Exercise goal: Word for word, copy the lines beginning at the one with "japanese | 牧場物語" and ending at the last line below; pictures stay out.

Given information:
_ _ _ _ _ _ _

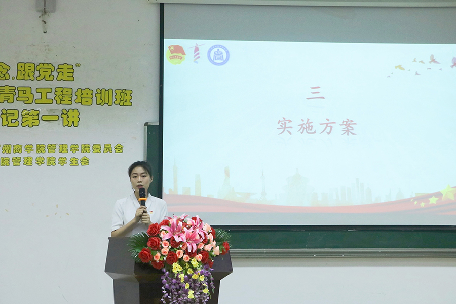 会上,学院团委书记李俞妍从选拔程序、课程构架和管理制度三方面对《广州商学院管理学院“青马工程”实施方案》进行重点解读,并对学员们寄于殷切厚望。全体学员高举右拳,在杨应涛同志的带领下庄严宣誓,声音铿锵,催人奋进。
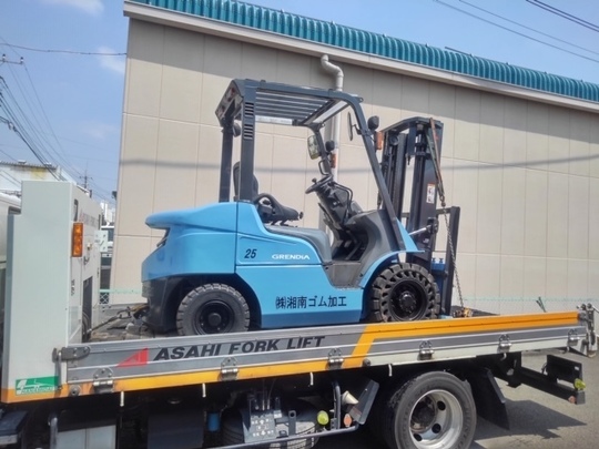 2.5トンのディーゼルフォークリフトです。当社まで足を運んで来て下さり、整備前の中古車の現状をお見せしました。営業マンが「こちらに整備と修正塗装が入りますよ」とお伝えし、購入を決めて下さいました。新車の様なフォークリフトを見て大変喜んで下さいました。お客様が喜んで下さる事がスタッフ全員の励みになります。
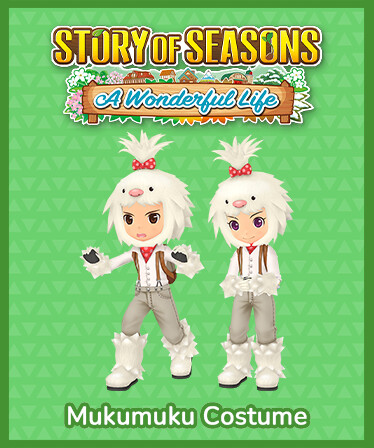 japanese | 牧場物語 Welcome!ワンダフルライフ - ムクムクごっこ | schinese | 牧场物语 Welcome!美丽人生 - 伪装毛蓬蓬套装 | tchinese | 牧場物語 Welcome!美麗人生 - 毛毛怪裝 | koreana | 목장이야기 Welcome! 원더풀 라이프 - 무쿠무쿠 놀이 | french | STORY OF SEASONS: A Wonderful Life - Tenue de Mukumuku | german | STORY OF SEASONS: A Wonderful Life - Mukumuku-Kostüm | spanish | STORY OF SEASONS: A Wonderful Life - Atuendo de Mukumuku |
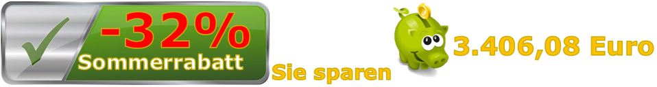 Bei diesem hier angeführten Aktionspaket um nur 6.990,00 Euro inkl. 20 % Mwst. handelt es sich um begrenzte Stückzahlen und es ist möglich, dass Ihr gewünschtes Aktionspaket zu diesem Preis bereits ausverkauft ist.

_ _ _ _ _ _ _

Task output:
 japanese | 牧場物語 Welcome!ワンダフルライフ - ムクムクごっこ | schinese | 牧场物语 Welcome!美丽人生 - 伪装毛蓬蓬套装 | tchinese | 牧場物語 Welcome!美麗人生 - 毛毛怪裝 | koreana | 목장이야기 Welcome! 원더풀 라이프 - 무쿠무쿠 놀이 | french | STORY OF SEASONS: A Wonderful Life - Tenue de Mukumuku | german | STORY OF SEASONS: A Wonderful Life - Mukumuku-Kostüm | spanish | STORY OF SEASONS: A Wonderful Life - Atuendo de Mukumuku |
 Bei diesem hier angeführten Aktionspaket um nur 6.990,00 Euro inkl. 20 % Mwst. handelt es sich um begrenzte Stückzahlen und es ist möglich, dass Ihr gewünschtes Aktionspaket zu diesem Preis bereits ausverkauft ist.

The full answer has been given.